Она ушла, и теперь была за окном только та самая украинская ночь. Самая первая и самая непримиримая самостийница.
IV. Дьявольские штуки
— Ту-ту-ту-ту-ту-ту…
Словно швейная машина быстро работала за стеною.
Кто-то шил на машинке и при этом хныкал и ревел во весь голос:
— Ту-ту-ту-ту-ы-ы-ы-хнык, хнык, хнык…
Степан Андреевич открыл глаза.
Янтарем ясного солнца залита была вся комната. Ослепительно зеленел за окном сад. Даже дохлая крыса на картине, казалось, улыбалась из-под своего кирпича.
— Ту-ту-ту… ы-ы-ы…
Это вовсе не швейная машина стучала, это бормотали что-то приглушенные стеною голоса, а среди них кто-то действительно хныкал и ревел иногда тихо, иногда во весь голос.
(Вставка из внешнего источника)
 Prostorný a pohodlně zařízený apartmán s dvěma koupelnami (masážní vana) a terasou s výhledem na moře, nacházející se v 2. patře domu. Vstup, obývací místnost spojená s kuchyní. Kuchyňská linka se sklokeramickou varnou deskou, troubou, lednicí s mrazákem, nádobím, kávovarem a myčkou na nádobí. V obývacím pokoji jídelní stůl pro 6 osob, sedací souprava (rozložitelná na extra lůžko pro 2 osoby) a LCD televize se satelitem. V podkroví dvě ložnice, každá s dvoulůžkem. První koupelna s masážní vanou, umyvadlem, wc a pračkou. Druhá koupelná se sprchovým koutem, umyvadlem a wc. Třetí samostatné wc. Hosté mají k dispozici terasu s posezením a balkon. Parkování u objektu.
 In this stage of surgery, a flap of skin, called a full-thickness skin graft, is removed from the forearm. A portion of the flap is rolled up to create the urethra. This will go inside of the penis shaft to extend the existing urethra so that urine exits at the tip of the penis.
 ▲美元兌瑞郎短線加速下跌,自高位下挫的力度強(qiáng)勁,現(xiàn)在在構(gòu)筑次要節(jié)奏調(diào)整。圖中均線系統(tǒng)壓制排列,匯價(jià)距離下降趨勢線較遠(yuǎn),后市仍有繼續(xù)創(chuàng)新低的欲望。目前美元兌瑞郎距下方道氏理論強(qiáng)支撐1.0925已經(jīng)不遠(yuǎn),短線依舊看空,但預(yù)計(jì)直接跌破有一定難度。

Лицо тетушки в кружевной наколке заглянуло в окно и скрылось.
— Когда оденешься, зайди в кухню, — произнес из-за окна голос.
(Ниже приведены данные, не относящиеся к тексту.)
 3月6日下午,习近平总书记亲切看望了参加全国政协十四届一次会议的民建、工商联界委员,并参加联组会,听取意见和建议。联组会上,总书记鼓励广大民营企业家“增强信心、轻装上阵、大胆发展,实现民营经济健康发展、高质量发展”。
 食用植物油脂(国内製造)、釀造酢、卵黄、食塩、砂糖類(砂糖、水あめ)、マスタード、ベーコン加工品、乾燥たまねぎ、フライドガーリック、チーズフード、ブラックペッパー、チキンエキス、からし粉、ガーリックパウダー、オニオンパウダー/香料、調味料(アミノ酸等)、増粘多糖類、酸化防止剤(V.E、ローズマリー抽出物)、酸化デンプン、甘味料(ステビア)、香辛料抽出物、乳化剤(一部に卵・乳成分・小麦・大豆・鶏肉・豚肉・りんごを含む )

Степан Андреевич умылся с наслаждением холодной водою и надел, кроме трех предметов, которые составляли его туалет, на этот раз и пикейный пиджак. Затем тщательно причесался перед зеркалом. На столике он нашел коробку папирос и несколько медяков. Медяки он оставил на столе, а папиросы сунул в карман. «Ну вот, а тетушка волновалась», — подумал он.
Затем он пошел в кухню.
Кухня в доме Кошелевых была столь же необыкновенна, как и все в этой стране солнечных и лунных фантазий. Белая и чистая как снег, она сияла крашеным полом и хорошенькою кафельного плитою. Стены были сплошь увешаны глянцевитыми женскими головками, вырезанными из немецких журналов. Красавица кормила голубя зернышками изо рта, другая прикладывала пальчик к губам, сделав из ротика малюсенький бутончик, третья играла на арфе, а амурчик сидел у нее на плече и давал ей нюхать розу.
Перед кухнею на дворе — на зеленом, поросшем травою дворе — стояло целое общество.
Тут была тетушка Екатерина Сергеевна в белом праздничном чесучовом платье и с кружевом на голове. Тут была Марья, грязная как черт, но как будто менее грязная, чем вчера: очевидно, она по случаю праздника не окунулась в помойку. Еще стоял какой-то дядько с седыми усами, как у Тараса Бульбы, в пиджаке и блестящих сапогах, какая-то женщина, слегка кривобокая, но довольно красивая, одетая по-праздничному в красную юбку, голубую кофту и белую косынку, словно царский флаг, решивший назло всем прогуляться по Советскому государству. А еще стоял Ромашко Дьячко, тоже одетый по-праздничному, но не по-праздничному хныкавший и причитавший. Седой дядько от времени до времени дергал его за ухо, и тогда Ромашко принимался реветь во весь голос и вырывался, однако осторожно, чтобы не измять своего праздничного наряда.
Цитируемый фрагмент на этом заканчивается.